What this question is really asking
When someone asks "What do you say to a crush anonymously?", they are usually not only asking for a definition. They are asking what to do with a feeling that has nowhere clean to go. The answer starts with the practical truth: Say the small honest thing you would be too nervous to send directly. It can be a compliment, a missed chance, a story reply you deleted, or the moment you realized you liked them. Keep it kind, first-name-only, and free of private details. Anonymous does not mean careless. From there, the useful move is to slow the feeling down enough to read it, name it, and decide whether it belongs in a search, a private draft, or an anonymous message.
A practical way to use ToSomeone
Before posting, remove full names, handles, addresses, workplaces, phone numbers, rare details, and anything meant to expose or punish someone. ToSomeone can keep the public experience first-name-only, but you still control how identifiable the words are. If a message creates a safety or privacy concern, use the report or removal path instead of escalating publicly.

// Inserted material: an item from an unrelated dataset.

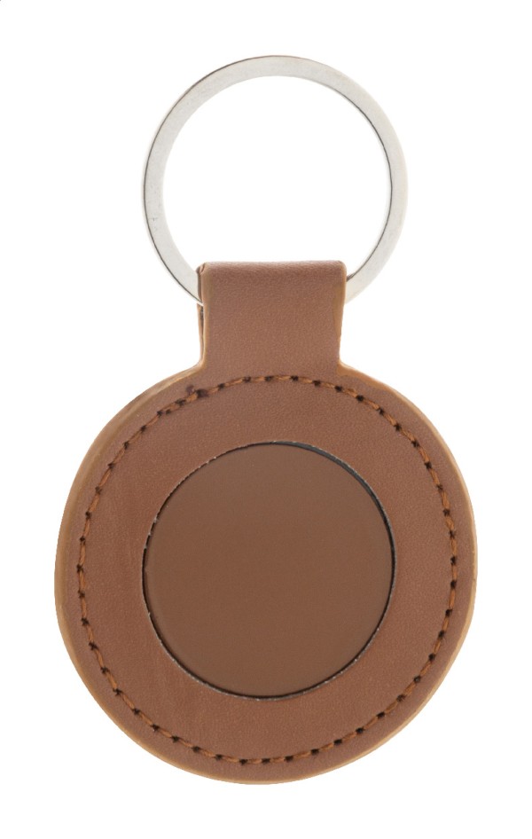 Breloc rotund, din piele PU reciclată, cu inel metalic și placă cu logo din oțel inoxidabil cu finisaj cauciucat. Cu acoperire specială pentru gravare cu laser în oglindă.
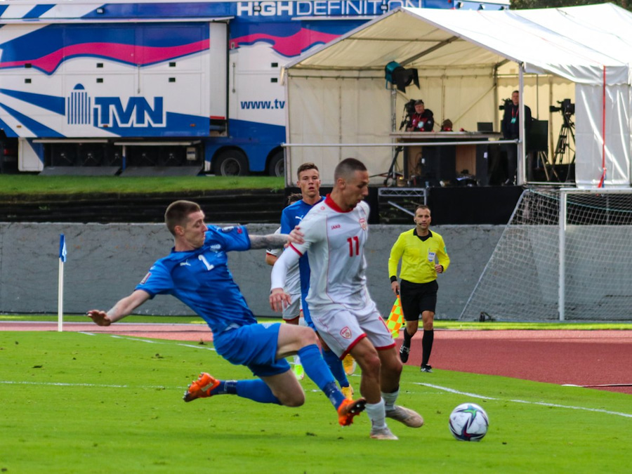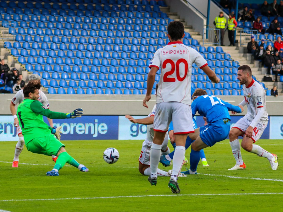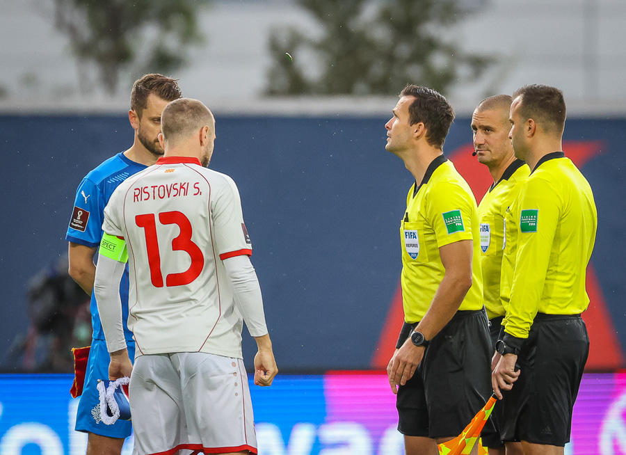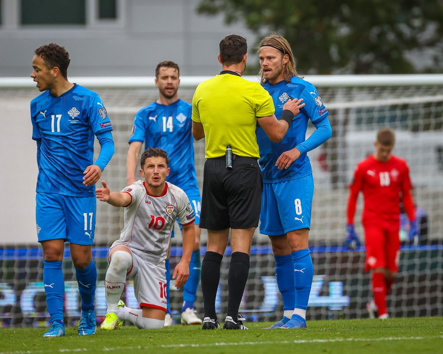 Leikmaður Norður-Makedóníu með galna tæklingu og óskiljanlegt að hann hafi ekki fengið gult. Sleppur með tiltal.

How to read the answer without spiraling
Keep it human: The best crush messages are specific enough to feel real but not specific enough to expose anyone. Think feeling, not personal data. Let awkward be part of it: Crush drafts are rarely smooth. That is why they work. A nervous sentence can feel more honest than a perfect confession. The important rule is to keep curiosity from turning into certainty. A line can sound exactly like your life and still be anonymous, incomplete, or about someone else. Use the page like a guide: gather language, notice the pattern, and choose the lowest-risk next step before you contact anyone.